Wild, unconventional, rebellious--these are the words that describe James Dean, one of the most iconic Hollywood actors of the ’50s. This young man’s star rose at a time when the film industry was filled with goody-two-shoes types and people who followed the rules. Dean, as history tells us, was not one of them.
James Dean’s nonconformist attitude wasn’t just seen in his acting and his behavior. His choice of cars was likewise different from the pack. While everyone else was going for huge American cars such as the Ford Thunderbirds and the Chevy Bel-Airs, the rebel chose a German steed--Porsche. His first ride was a Porsche 356 Speedster.
The 356 Speedster was a two-door open-top roadster with a rear-engine, rear-wheel-drive layout. Its lightweight design made it a fast road-carver, despite the small motor under the rear engine cover. It could very well run with the American big boys. It was so speedy, in fact, that Dean entered it in the US West Coast racing scene.
That car was just the beginning of Dean’s love affair with the German brand. In 1955, he traded in his ride for a more powerful 550 Spyder. While every other car at the time was packing a large and thirsty V6 or V8 mill, the 550 Spyder had a pint-size flat-four-cylinder motor that put out a seemingly measly 110hp. But thanks to its feather-light 550kg weight, the car could zoom to a top speed of 230kph. It showed that despite being a different breed, it could keep up with or even beat the best of them--just like the rebellious owner behind the wheel.

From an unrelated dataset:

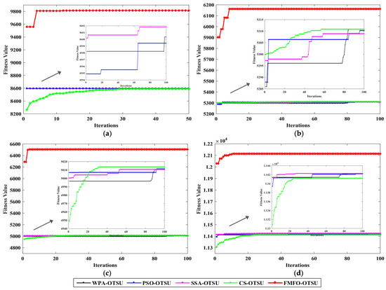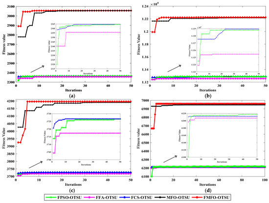 The objective evaluation index of the Couple image, the Cablecar image, the Boats image, and the Building image segmentation results are shown in Table 2, and Figure 4 indicates the fitness curve of them. For the segmentation results of the Couple image, MFO-Otsu finds the segmentation threshold in 31 iterations, FCS-Otsu reaches convergence at 14 iterations, FPSO-Otsu and FFA-Otsu both converge after 9 iterations, and FMFO-Otsu converges at 7 times. Therefore, FMFO-Otsu achieves maximum class spacing first, which means that FMFO-Otsu converges faster than other algorithms. In addition, FMFO-Otsu had the highest fitness value. The PSNR of FMFO-Otsu is higher than the other four algorithms. This shows that FMFO-Otsu is capable of enhancing the segmentation details of the image and ensuring noise immunity. Furthermore, FMFO-Otsu has a lower MSE than the other four algorithms, which suggests that its accuracy is more advantageous compared to the other algorithms.

And then it happened. On September 30, 1955, James Dean met an untimely death while en route to the Salinas racetrack. Riding shotgun was German mechanic Rolf Wutherich, who had earlier advised Dean to properly break in his new car before entering it in its first race, which he had intended to do at Salinas.
Just before 6pm on that fateful day, a fatal crash took place at the junction of Highway 41 going to Fresno. The 550 Spyder, with the starting number "130" painted on it and bearing the nickname "Little Bastard," was wrecked. As for the Hollywood legend, he died on the way to the hospital.
It has been 60 years since that terrible car crash that claimed the life of then 24-year-old James Dean. Yet all this time, Dean’s memory has lived on, not only through his films but also in the way people see him--a rebel who showed the world that it was kind of cool to be different. And just like Dean, Porsche's 356 Speedster and 550 Spyder are cars that made their mark in automotive history. They were among the first automobiles that proved that you didn’t need to pack a large V8 lump to go fast.